Mr. Postman’s Wild Ride

by Flynn Washburne, March 15, 2017

Every now and then, someone perusing this space with access to my ear will ask: Did that really happen? I expect that same question occasionally crosses the mind of those without the luxury of addressing me directly, so I’ll tell you what I tell them: most of it is mostly true, with some embellishment; same is straight-up gospel, and some is utterly fanciful. Even that latter whole-cloth stuff has a kernel of truth to it, though. So yes, it is possible that a complete and utter fucktard can blunder through life ignoring laws, social conventions, basic health and safety guidelines, well-meaning advice, street signs, dire warnings, punishments, and his own conscience, and still emerge relatively unscathed. That’s relative to the degree of detriment and insalubrity inflicted on me.

My blue-book value probably equates to a 15-year-old Camry about to roll over for the second time, but as many of my peers — and by peers I mean people thickheaded enough to try living like this far beyond the boundaries of good sense — are either gibbering idiots or actively decomposing, I’ll call that a win.

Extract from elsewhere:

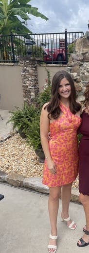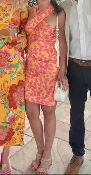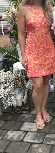 Wore this to an anniversary dinner date and it was the perfect dress. The colors were so bright and perfect for a summer night. It was a little short for me so sitting down was a bit of an issue. Overall stunning dress that I would rent again!
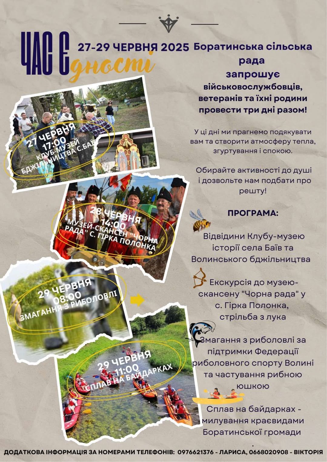 Запрошуємо всіх, чия доля пов’язана з військовою службою, захистом України та підтримкою тих, хто служить чи служив — на перший у Боратинській громаді захід «ЧАС Єднання».

The following account is of the cross-my-heart variety, and one I’ve considered telling for a while but was unsure about relating because of my ignorance of the shelf-life of federal law. I know most of the paltry offenses I commit are forgiven, or at least unpunishable, after two to four years by dint of the statute of limitations of the State o’ California, but who knows about the Feds? They have a lot more resources, staff, and time on their hands, and are likely to be just vindictive enough to come after me for a six and a half year old lark, if I know the United States of America, and I think I do. However, a trip to the law library assured me that I am in fact home free, about which I have mixed feelings. The citizen in me thinks such exclusions are unfair and people should be held accountable regardless of time elapsed, while the criminal in me says, “Woo-hoo!”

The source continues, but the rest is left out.